In his frequent essays and blog postings, Alford has referred to the EPA as “wicked’ and a “monster” that is “out of control.” He flatly dismisses the notion of environmental justice — the idea that minorities suffer unfairly from pollution — as a “farce.”

“Many naive blacks have bought the lie — hook, line and sinker,” he says.

Alford’s organization declines to give detailed information about the NBCC’s membership or sources of income, although records filed by the group show more than $800,000 in contributions over the past decade from Exxon Mobil. At the group’s 2015 national conference in August, a list of sponsors given to attendees included a number of major fossil-fuel interests, including Koch Industries, owned by oil magnates and conservative activists Charles and David Koch.

Such donations make up as much as 80 percent of the group’s revenue in some years, tax records show, and the NBCC has channeled its money into causes that favor fossil-fuel interests. For example, the NBCC, gave $50,000 last year to a Florida organization that sought to impose additional costs and restrictions on homeowners who want to install solar panels on their roofs.

A repeated theme in Alford’s speeches and writings is that excessive regulations have prevented African Americans from achieving their potential. He argued in a 2014 op-ed article that oil, gas and coal were largely responsible for lifting freed slaves out of poverty.

“Fossil fuels have been our economic friend,” he wrote.

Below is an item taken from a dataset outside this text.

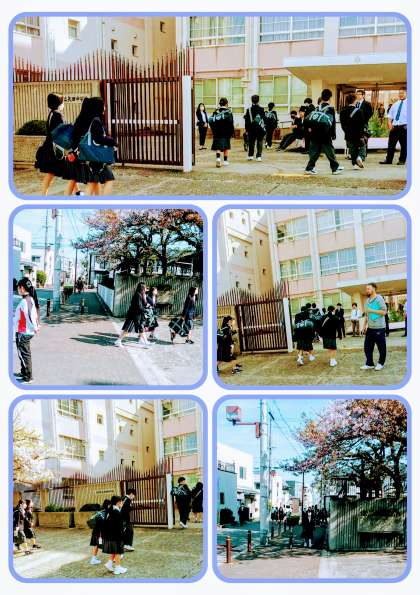 4月13日(土)、朝の登校の様子です。本日は、土曜参観が行われました。

Such stances have angered not only environmental groups but also other African American business organizations, which say Alford’s views represent at best a small fraction of black business owners and entrepreneurs. Ron Busby, president of the U.S. Black Chamber of Commerce, a rival group, said internal surveys have consistently shown high levels of support among his group’s members for strong environmental regulations.

“As a child I had asthma, and I remember my parents saying it was a black disease, because that’s what we thought, growing up,” Busby said. “Anyone who’s saying it’s not affecting our community isn’t speaking on behalf of black people.”